**Problem statement:**
All lines in the records below from the line with "6月26日,理學(xué)院" through the line with "Oliviero Falconi Happy" are to be given again exactly, both ends included; the pictures are to be left out.

**Material for the task:**
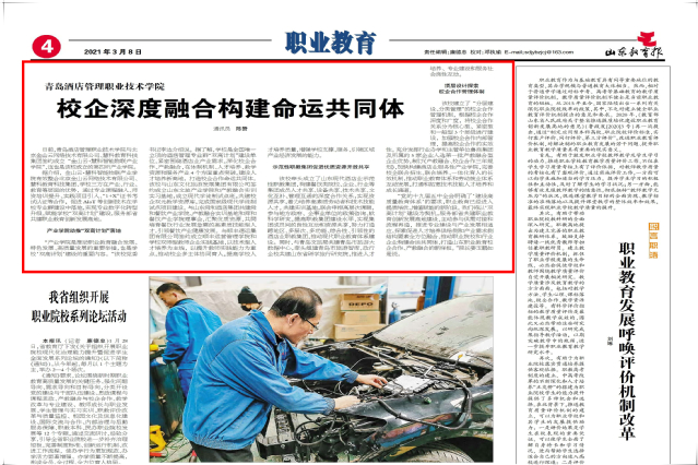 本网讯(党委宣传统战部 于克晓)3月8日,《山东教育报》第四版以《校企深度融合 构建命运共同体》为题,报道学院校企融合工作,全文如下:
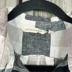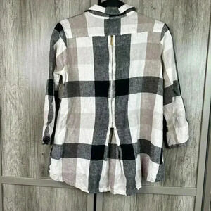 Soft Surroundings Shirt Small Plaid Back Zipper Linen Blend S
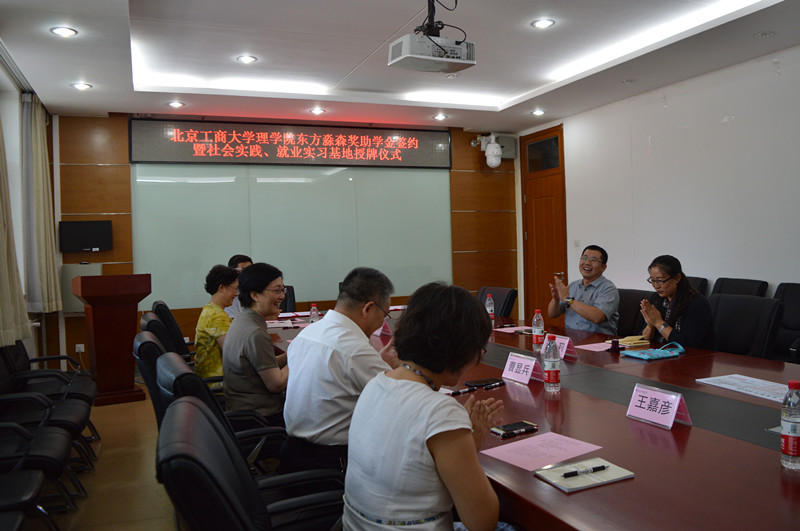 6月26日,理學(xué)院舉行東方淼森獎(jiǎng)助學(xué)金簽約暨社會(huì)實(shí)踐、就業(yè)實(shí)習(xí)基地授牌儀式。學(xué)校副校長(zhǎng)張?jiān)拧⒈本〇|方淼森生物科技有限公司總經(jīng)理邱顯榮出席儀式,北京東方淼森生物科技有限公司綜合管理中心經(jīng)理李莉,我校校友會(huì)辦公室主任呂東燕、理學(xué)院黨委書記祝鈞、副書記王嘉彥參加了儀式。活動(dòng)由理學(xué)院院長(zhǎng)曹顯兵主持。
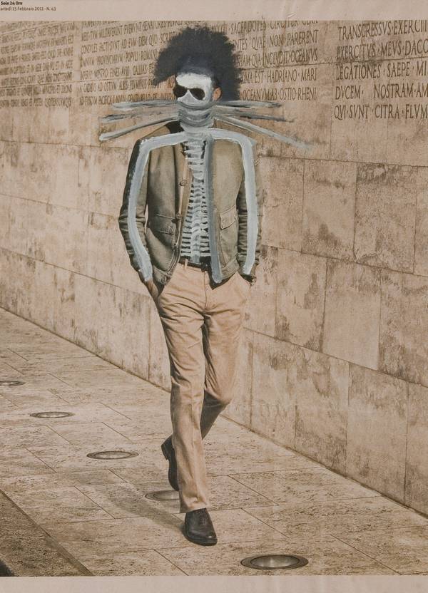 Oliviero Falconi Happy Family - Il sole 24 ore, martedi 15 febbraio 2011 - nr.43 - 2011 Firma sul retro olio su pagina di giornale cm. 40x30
---
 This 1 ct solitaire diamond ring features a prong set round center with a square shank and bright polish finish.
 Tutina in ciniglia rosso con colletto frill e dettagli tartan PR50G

**Result of the exercise:**
 6月26日,理學(xué)院舉行東方淼森獎(jiǎng)助學(xué)金簽約暨社會(huì)實(shí)踐、就業(yè)實(shí)習(xí)基地授牌儀式。學(xué)校副校長(zhǎng)張?jiān)拧⒈本〇|方淼森生物科技有限公司總經(jīng)理邱顯榮出席儀式,北京東方淼森生物科技有限公司綜合管理中心經(jīng)理李莉,我校校友會(huì)辦公室主任呂東燕、理學(xué)院黨委書記祝鈞、副書記王嘉彥參加了儀式。活動(dòng)由理學(xué)院院長(zhǎng)曹顯兵主持。
 Oliviero Falconi Happy Family - Il sole 24 ore, martedi 15 febbraio 2011 - nr.43 - 2011 Firma sul retro olio su pagina di giornale cm. 40x30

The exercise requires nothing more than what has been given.